Published:September 24, 2015DOI:



      Taspoglutide is a long-acting glucagon-like peptide-1 (GLP-1) receptor agonist that has >90% homology with the endogenous GLP-1 while retaining equivalent potency. Once-weekly subcutaneous injections with taspoglutide demonstrated meaningful antihyperglycemic and weight loss effects in patients with type 2 diabetes. The present study was performed to compare the relative bioavailability of taspoglutide injected subcutaneously in the abdomen, upper arm, and thigh.


      Healthy overweight/obese subjects were randomized in an open-label, 3-way crossover study. A single 20-mg dose of taspoglutide was injected subcutaneously on 3 occasions in the abdomen, upper arm, or thigh. Each injection was separated by a 12-week washout period. Blood was sampled up to 12 weeks for the pharmacokinetic evaluation of taspoglutide.


      Sixty subjects were randomized into the study (mean age, 45.5 years; body weight, 97.6 kg; and body mass index, 31.4 kg/m2). AUClast values (geometric mean) for subcutaneous injections in the abdomen, upper arm, and thigh were 44.2, 61.2, and 50.0 ng·h/mL, respectively. The geometric mean ratio (relative bioavailability) for the upper arm versus the abdomen was 1.41 (90% CI: 1.22–1.62) and for the thigh versus the abdomen was 1.13 (90% CI: 0.98–1.31).
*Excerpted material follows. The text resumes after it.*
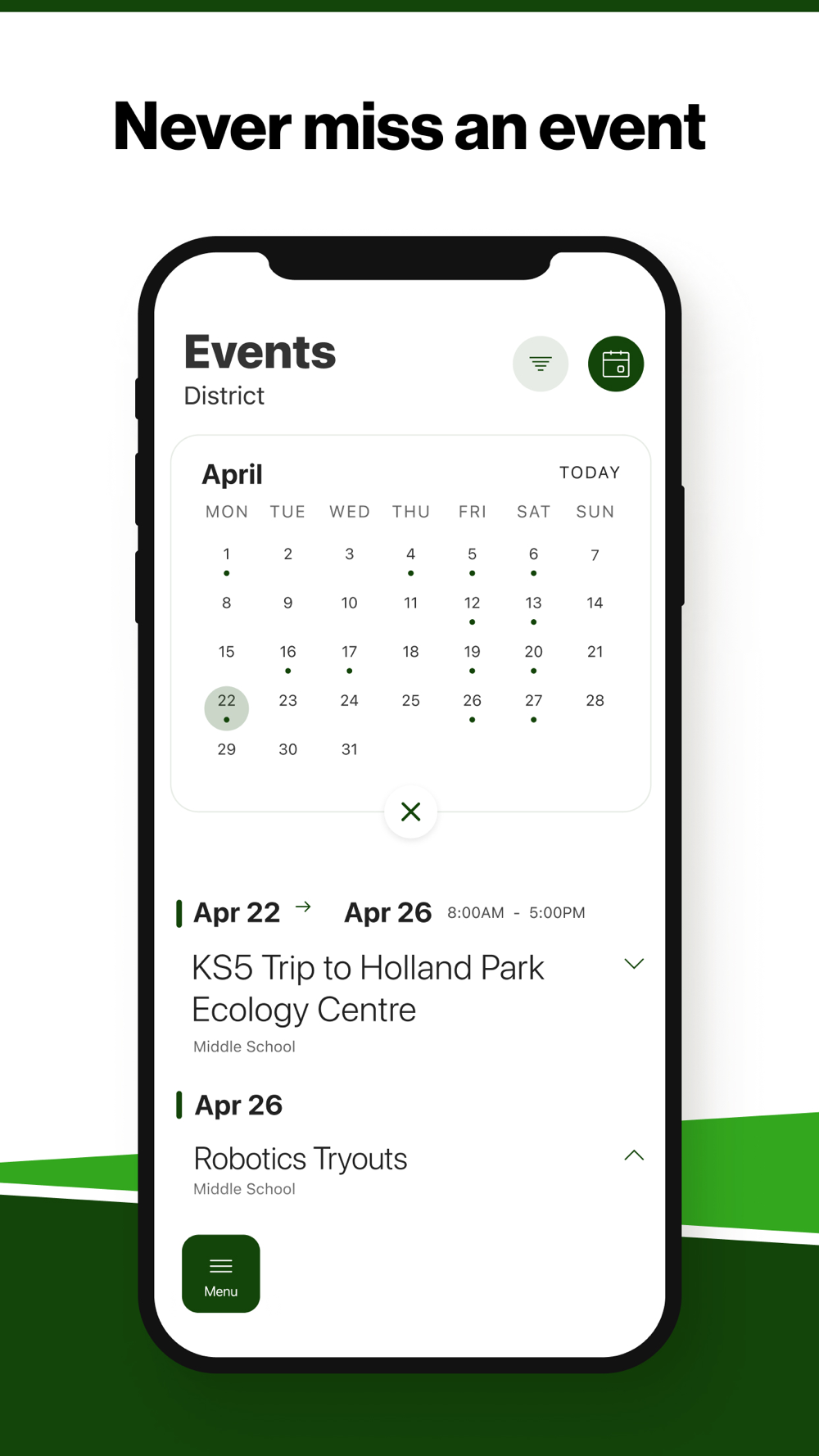 The event section shows a list of events throughout the district. Users can add an event to their calendar to share the event with friends and family with one tap.

Corresponding Cmax values for subcutaneous injections in the abdomen, upper arm, and thigh were 0.268, 0.382, and 0.341 ng/mL, respectively, and the geometric mean ratio for the upper arm versus the abdomen was 1.43 (90% CI: 1.24–1.64) and for the thigh versus the abdomen was 1.27 (90% CI: 1.10–1.46). Decreases in taspoglutide exposure were observed with each subsequent period. AUClast values (geometric mean across injections sites) for periods 1, 2, and 3 were 97.2, 42.6, and 31.5 ng·h/mL, respectively. The geometric mean ratio for period 2 versus 1 was 0.44 (90% CI: 0.38–0.50) and for period 3 versus 1 was 0.32 (90% CI: 0.27–0.37). Analysis of pharmacokinetic data after first injection only (period 1) showed comparable AUClast across the 3 injection sites and lower initial Cmax after injection into the abdomen compared with the other 2 injection sites. Overall, taspoglutide was well tolerated by most subjects in all 3 injection sites, with a lower incidence of nausea and vomiting when injected in the abdomen.


      Regardless of a pronounced period effect, relative bioavailability of taspoglutide was different across injection sites, with the lowest exposure and incidence of nausea and vomiting seen after administration in the abdomen. In the absence of comparable bioavailability, taspoglutide was recommended to be injected into the abdomen.